Create an account

Very important

  • To access the important data of the forums, you must be active in each forum and especially in the leaks and database leaks section, send data and after sending the data and activity, data and important content will be opened and visible for you.
  • You will only see chat messages from people who are at or below your level.
  • More than 500,000 database leaks and millions of account leaks are waiting for you, so access and view with more activity.
  • Many important data are inactive and inaccessible for you, so open them with activity. (This will be done automatically)


Thread Rating:
  • 424 Vote(s) - 3.42 Average
  • 1
  • 2
  • 3
  • 4
  • 5
Handling very large data with mysql

#1
Sorry for the long post!

I have a database containing ~30 tables (InnoDB engine). Only two of these tables, namely, "transaction" and "shift" are quite large (the first one have 1.5 million rows and shift has 23k rows). Now everything works fine and I don't have problem with the current database size.
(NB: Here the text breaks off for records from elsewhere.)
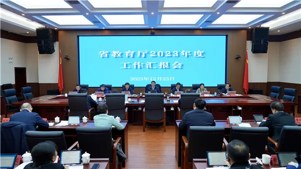 12月23日,省教育厅召开2023年度工作总结会,对学习贯彻党的二十大精神和省委十三届三次全会精神,推进教育强国、特色教育强省建设进行系统盘点,总结成绩经验,全面分析和科学谋划2024年工作。省委教育工委副书记,省教育厅党组书记、厅长邹联克主持会议并讲话。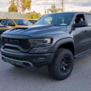 23款道奇公羊霸王龙TRX国六最新款新车传承了道奇Ram 家族高大威猛的造型设计,同时细节部分融入了更多高性能元素,包括经过黑化处理的前格栅,引擎盖两侧的黑色进气口,霸王龙 以及为了容纳巨大的机械增压器而设计的通风口等等。更多咨询请致电:任经理 15620227760 (电话同微信)此外,新车还配备了视觉冲击力更强的黑色轮眉和外露式的拖车钩,看上去十分霸气。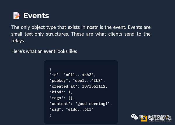 The event(事件种类)是nostr中最有趣的部分之一,这是一个字段,可以指定具体是哪种事件,为啥有趣,因为这样就说明,事件种类不受限制,我们可以设计任何我们想要的种类。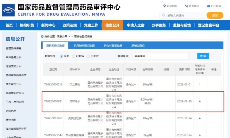 近日,重慶萊美藥業股份有限公司(以下簡稱“萊美藥業”)全資子公司重慶萊美隆宇藥業有限公司(以下簡稱“萊美隆宇”)收到國家藥品監督管理局核準簽發的尼可地爾(規格:4.00kg/袋、1袋/瓶)《化學原料藥上市申請批準通知書》,登記號:Y20220000621,通知書編號:2024YS00170。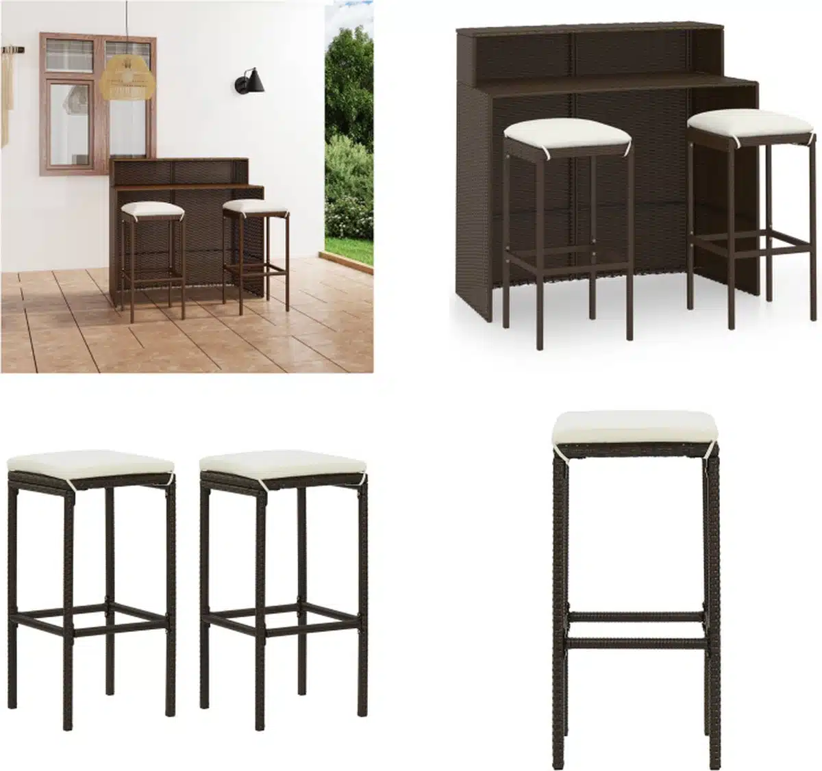 Gebruik de barset als compacte eetplek voor ontbijt in de ochtend zon als ontspannen cocktailhoek bij zonsondergang of als praktische werkplek in de buitenlucht. De combinatie van stevigheid en comfort maakt de set veelzijdig inzetbaar. Kies deze bruine barset om een knusse sfeer te creรซren in uw tuin of op uw terras. Met de vidaXL kwaliteit haalt u een functioneel en stijlvol meubel in huis dat lang meegaat.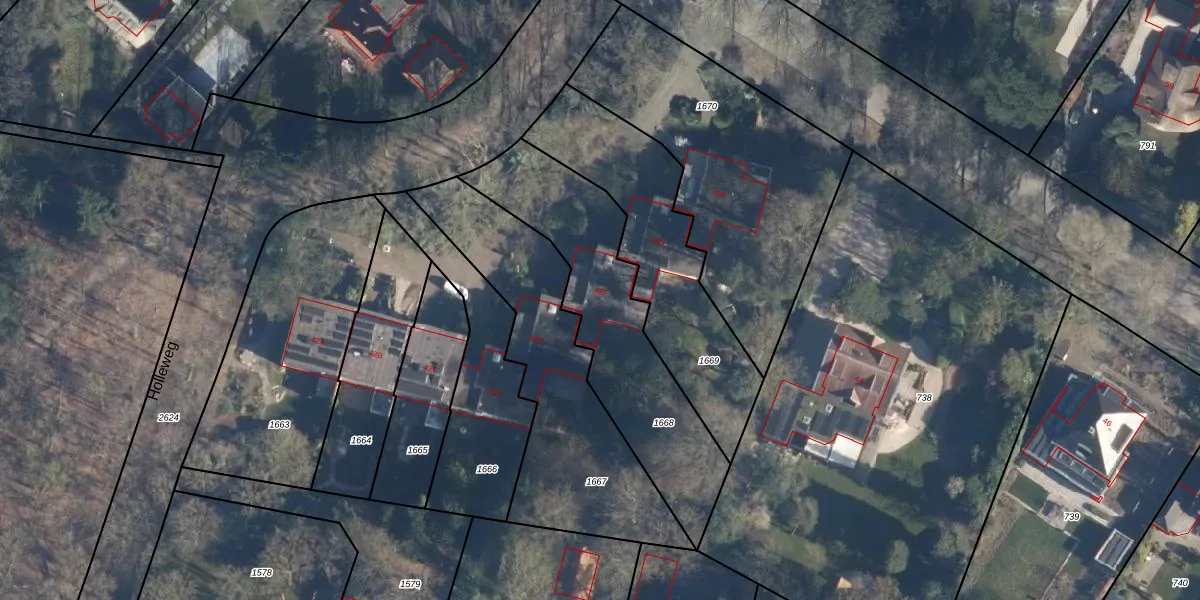 Gebruik de zoekbalk of klik op een perceel voor informatie over de adressen binnen dit perceel.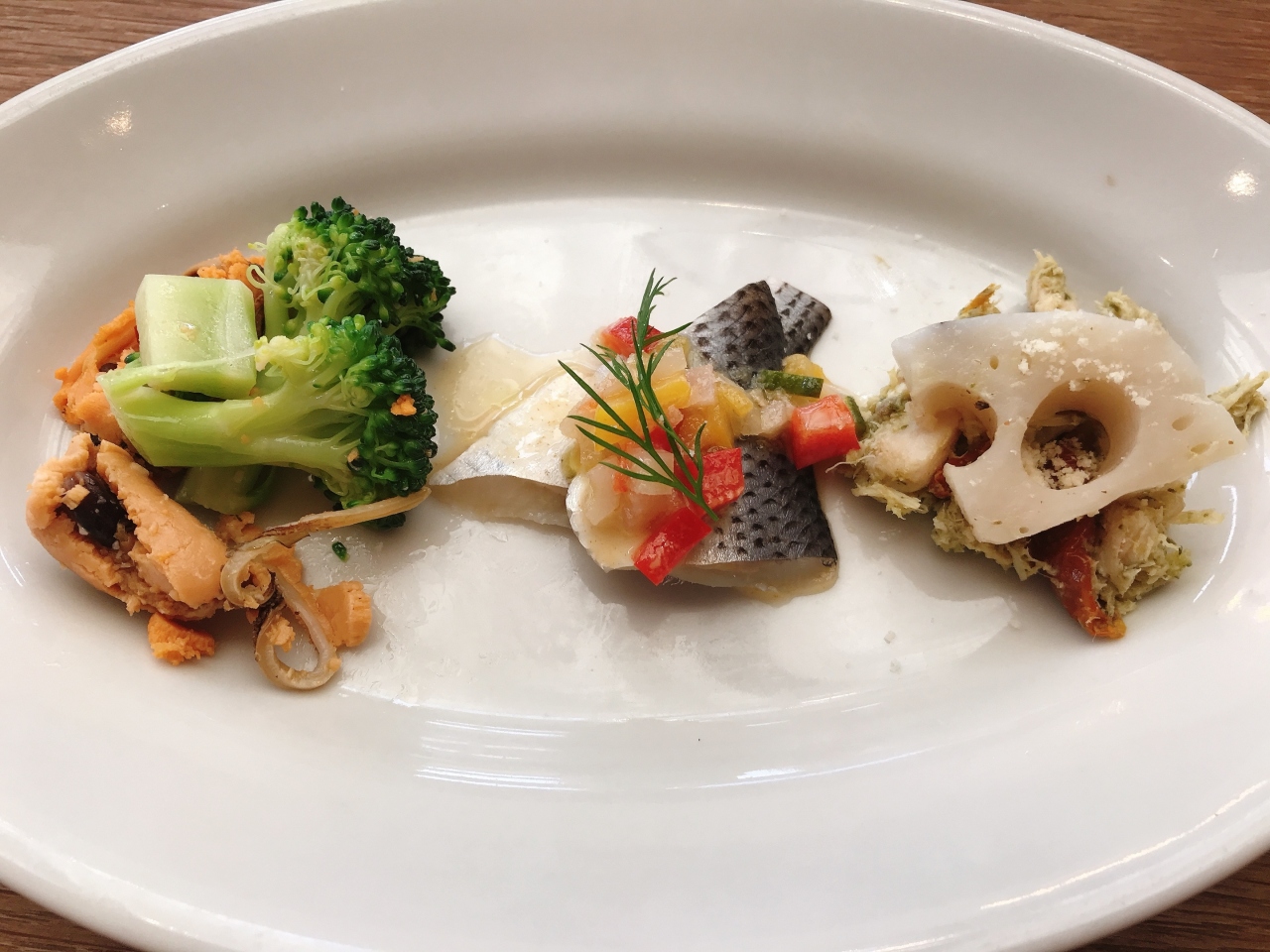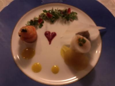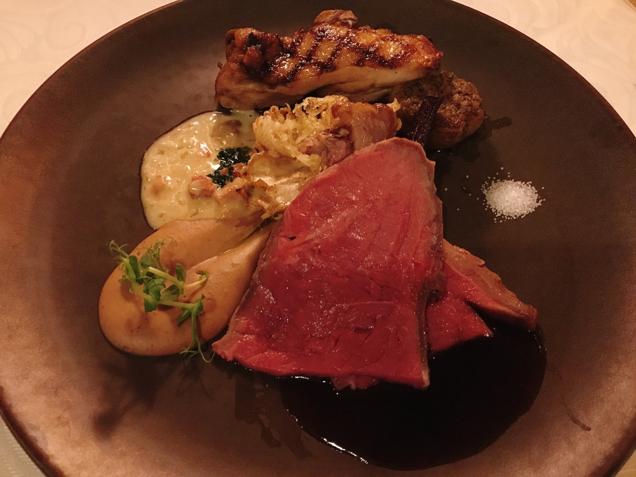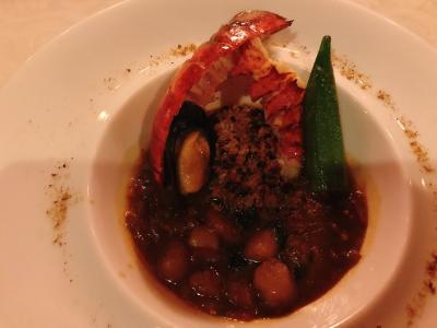 オードヴル・ヴァリエは2種類から選べましたが、家内は「スモークサーモントラウト、帆立貝とイクラ、ビーフのムース」、私は「オマール海老のシーフードガンボ」をチョイス。ガンボはケイジャンの味付けということでしたがさほど辛くはなく、キヌアを活かした味わいでした。オマール海老も食べ応えがありました。

However, we will have a similar database (same datatypes, design ,..) but much larger, e.g., the "transaction" table will have about **1 billion records** (about 2,3 million transaction per day) and we are thinking about how we should deal with such volume of data in MySQL? (it is both read and write intensive). I read a lot of related posts to see if Mysql (and more specifically InnoDB engine) can perform well with billions of records, but still I have some questions. Some of those related posts that I've read are in the following:

- [Can MySQL reasonably perform queries on billions of rows?][1]
- [Is InnoDB (MySQL 5.5.8) the right choice for multi-billion rows?][2]
- [Best data store for billions of rows][3]
- [How big can a MySQL database get before performance starts to degrade][4]
- [Why MySQL could be slow with large tables?][5]
- [Can Mysql handle tables which will hold about 300 million records?][6]
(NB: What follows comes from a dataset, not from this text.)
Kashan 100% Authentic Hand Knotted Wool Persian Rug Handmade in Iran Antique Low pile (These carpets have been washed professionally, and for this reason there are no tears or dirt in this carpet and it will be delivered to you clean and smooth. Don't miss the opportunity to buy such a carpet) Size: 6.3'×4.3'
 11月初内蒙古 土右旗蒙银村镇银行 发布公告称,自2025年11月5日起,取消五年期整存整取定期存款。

What I've understood so far to improve the performance for very large tables:

1. (for innoDB tables which is my case) increasing the `innodb_buffer_pool_size` (e.g., up to 80% of RAM).
Also, I found some other MySQL performance tunning settings [here in
percona blog][7]
2. having proper indexes on the table (using EXPLAN on queries)
3. partitioning the table
4. MySQL Sharding or clustering

Here are my questions/confusions:

- About partitioning, I have some doubts whether we should use it or not. On one hand many people suggested it to improve performance when table is very large. On the other hand, I've read many posts saying it does not improve query performance and it does not make queries run faster (e.g., [here][8] and [here][9]). Also, I read in [MySQL Reference Manual][10] that **InnoDB foreign keys and MySQL partitioning are not compatible** (we have foreign keys).
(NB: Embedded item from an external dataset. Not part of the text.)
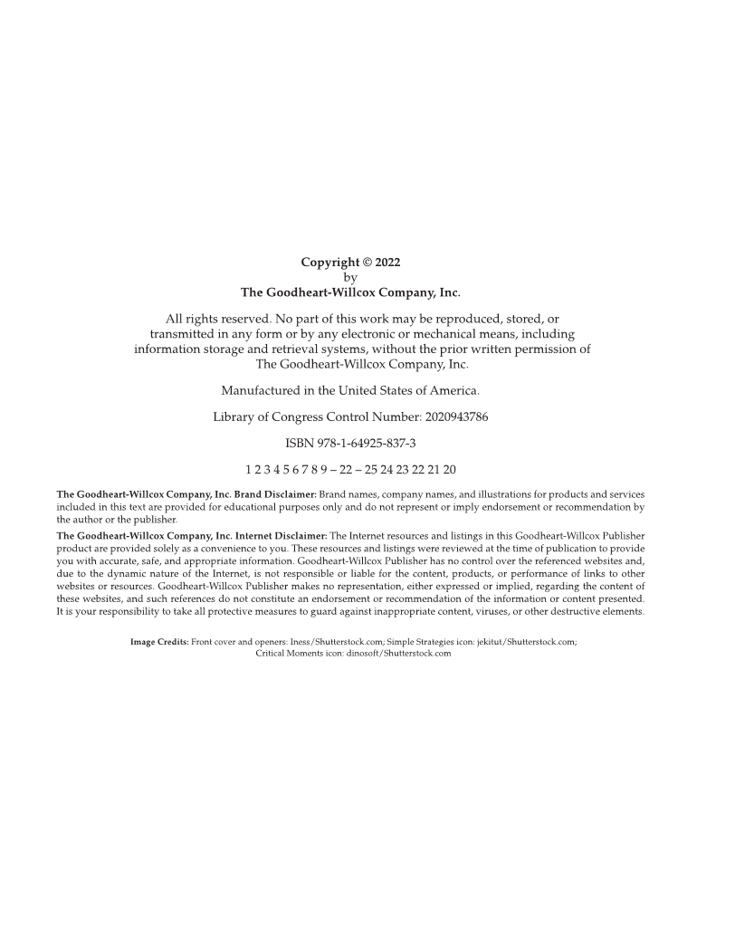 Copyright © 2022 by The Goodheart-Willcox Company, Inc. All rights reserved. No part of this work may be reproduced, stored, or transmitted in any form or by any electronic or mechanical means, including information storage and retrieval systems, without the prior written permission of The Goodheart-Willcox Company, Inc. Manufactured in the United States of America. Library of Congress Control Number: 2020943786 ISBN 978-1-64925-837-3 1 2 3 4 5 6 7 8 9 – 22 – 25 24 23 22 21 20 The Goodheart-Willcox Company, Inc. Brand Disclaimer: Brand names, company names, and illustrations for products and services included in this text are provided for educational purposes only and do not represent or imply endorsement or recommendation by the author or the publisher. The Goodheart-Willcox Company, Inc. Internet Disclaimer: The Internet resources and listings in this Goodheart-Willcox Publisher product are provided solely as a convenience to you. These resources and listings were reviewed at the time of publication to provide you with accurate, safe, and appropriate information. Goodheart-Willcox Publisher has no control over the referenced websites and, due to the dynamic nature of the Internet, is not responsible or liable for the content, products, or performance of links to other websites or resources. Goodheart-Willcox Publisher makes no representation, either expressed or implied, regarding the content of these websites, and such references do not constitute an endorsement or recommendation of the information or content presented. It is your responsibility to take all protective measures to guard against inappropriate content, viruses, or other destructive elements. Image Credits: Front cover and openers: Iness/Shutterstock.com Simple Strategies icon: jekitut/Shutterstock.com Critical Moments icon: dinosoft/Shutterstock.com

- Regarding indexes, right now they perform well, but as far as I understood, for very large tables indexing is more restrictive (as Kevin Bedell mentioned in his answer [here][1]). Also, indexes speed up reads while slow down write (insert/update). So, for the new similar project that we will have this large DB, should we first insert/load all the data and then create indexes? (to speed up the insert)

- If we cannot use partitioning for our big table ("transaction" table), what is an alternative option to improve the performance? (except MySQl variable settings such as `innodb_buffer_pool_size`). Should we use Mysql clusters? (we have also lots of joins)


<h1>EDIT</h1>


This is the `show create table` statement for our largest table named "transaction":

CREATE TABLE `transaction` (
`id` int(11) NOT NULL AUTO_INCREMENT,
`terminal_transaction_id` int(11) NOT NULL,
`fuel_terminal_id` int(11) NOT NULL,
`fuel_terminal_serial` int(11) NOT NULL,
`xboard_id` int(11) NOT NULL,
`gas_station_id` int(11) NOT NULL,
`operator_id` text NOT NULL,
`shift_id` int(11) NOT NULL,
`xboard_total_counter` int(11) NOT NULL,
`fuel_type` int(11) NOT NULL,
`start_fuel_time` int(11) NOT NULL,
`end_fuel_time` int(11) DEFAULT NULL,
`preset_amount` int(11) NOT NULL,
`actual_amount` int(11) DEFAULT NULL,
`fuel_cost` int(11) DEFAULT NULL,
`payment_cost` int(11) DEFAULT NULL,
`purchase_type` int(11) NOT NULL,
`payment_ref_id` text,
`unit_fuel_price` int(11) NOT NULL,
`fuel_status_id` int(11) DEFAULT NULL,
`fuel_mode_id` int(11) NOT NULL,
`payment_result` int(11) NOT NULL,
`card_pan` text,
`state` int(11) DEFAULT NULL,
`totalizer` int(11) NOT NULL DEFAULT '0',
`shift_start_time` int(11) DEFAULT NULL,
PRIMARY KEY (`id`),
UNIQUE KEY `terminal_transaction_id` (`terminal_transaction_id`,`fuel_terminal_id`,`start_fuel_time`) USING BTREE,
KEY `start_fuel_time_idx` (`start_fuel_time`),
KEY `fuel_terminal_idx` (`fuel_terminal_id`),
KEY `xboard_idx` (`xboard_id`),
KEY `gas_station_id` (`gas_station_id`) USING BTREE,
KEY `purchase_type` (`purchase_type`) USING BTREE,
KEY `shift_start_time` (`shift_start_time`) USING BTREE,
KEY `fuel_type` (`fuel_type`) USING BTREE
) ENGINE=InnoDB AUTO_INCREMENT=1665335 DEFAULT CHARSET=utf8 ROW_FORMAT=COMPACT

Thanks for your time,



[1]:

[To see links please register here]

[2]:

[To see links please register here]

[3]:

[To see links please register here]

[4]:

[To see links please register here]

[5]:

[To see links please register here]

[6]:

[To see links please register here]

[7]:

[To see links please register here]

[8]:

[To see links please register here]

[9]:

[To see links please register here]

[10]:

[To see links please register here]

Reply

#2
When collecting billions of rows, it is better (when possible) to consolidate, process, summarize, whatever, the data _before_ storing. Keep the raw data in a file if you think you need to get back to it.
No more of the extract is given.